Materials provided below:
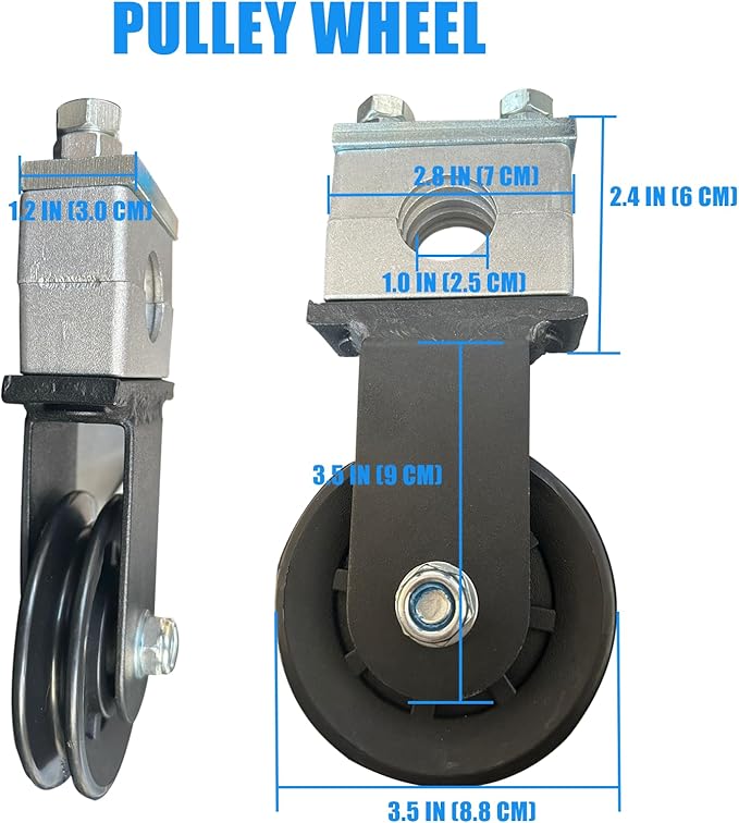 - Great build quality:KORIKAHM gym cable pulley is reliable and in high quality. The U mounting bracket is made of heavy-duty steel. And the wheel is made of high-density plastic which is not easy to break. The load bearing of this single pulley is 220lb.
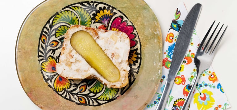 Pan casero untado de manteca de cerdo preparada por nosotras y cubierto por pepino fermentado
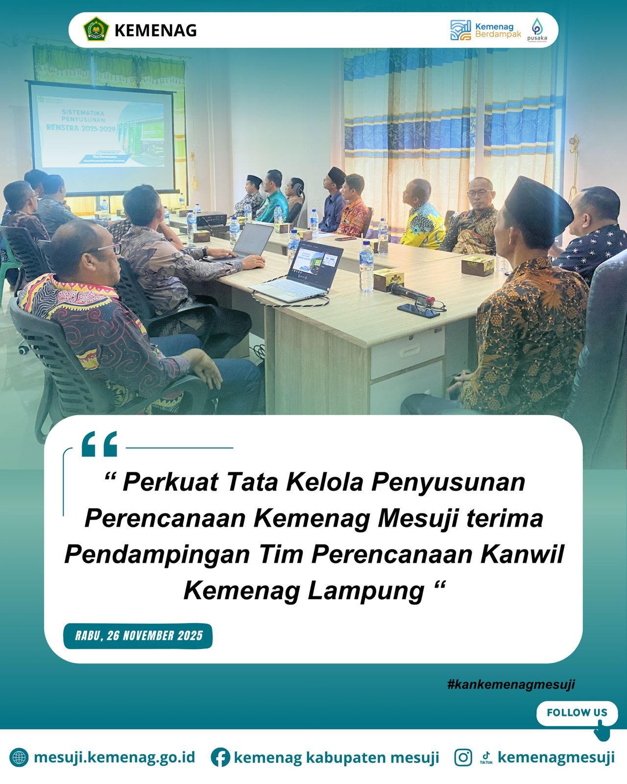 Mesuji, Kemenag (Humas) – Kementerian Agama Kabupaten Mesuji terima pendampingan penyusunan rencana kerja dan rencana strategis dari tim perencana Kantor Wilayah Kementerian Agama Provinsi Lampung pada Rabu (26/11/2025). Kegiatan berlangsung di ruang rapat Kantor Kemenag Mesuji. Kegiatan tersebut juga membahas alokasi belanja tambahan (ABT) belanja pegawai tahun anggaran 2025. Kegiatan berlangsung di ruang rapat Kantor Kemenag Mesuji.
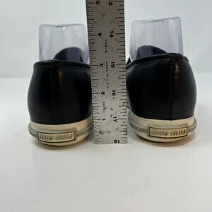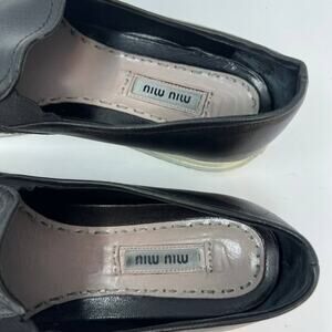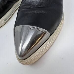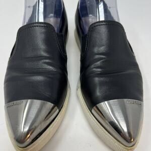 Miu Miu Loafers Women's 38.5 Black Leather Silver Toe Cap Slip On Luxury Shoes
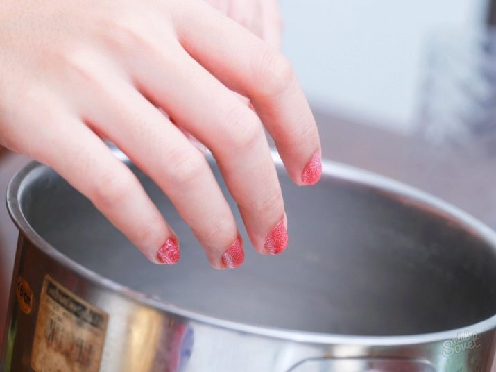 Soda must be sieved through a fine strainer. If this is not done, then small lumps can significantly worsen the appearance of the final coating. Then you should paint the nails on one hand, for a while leave the second hand without varnish - this is necessary so that it does not freeze before time.
End of Materials provided.
Take the lines from the start of the material to the line with "Miu Miu Loafers", both included, and transcribe them exactly without the pictures.

• Task output:
 - Great build quality:KORIKAHM gym cable pulley is reliable and in high quality. The U mounting bracket is made of heavy-duty steel. And the wheel is made of high-density plastic which is not easy to break. The load bearing of this single pulley is 220lb.
 Pan casero untado de manteca de cerdo preparada por nosotras y cubierto por pepino fermentado
 Mesuji, Kemenag (Humas) – Kementerian Agama Kabupaten Mesuji terima pendampingan penyusunan rencana kerja dan rencana strategis dari tim perencana Kantor Wilayah Kementerian Agama Provinsi Lampung pada Rabu (26/11/2025). Kegiatan berlangsung di ruang rapat Kantor Kemenag Mesuji. Kegiatan tersebut juga membahas alokasi belanja tambahan (ABT) belanja pegawai tahun anggaran 2025. Kegiatan berlangsung di ruang rapat Kantor Kemenag Mesuji.
 Miu Miu Loafers Women's 38.5 Black Leather Silver Toe Cap Slip On Luxury Shoes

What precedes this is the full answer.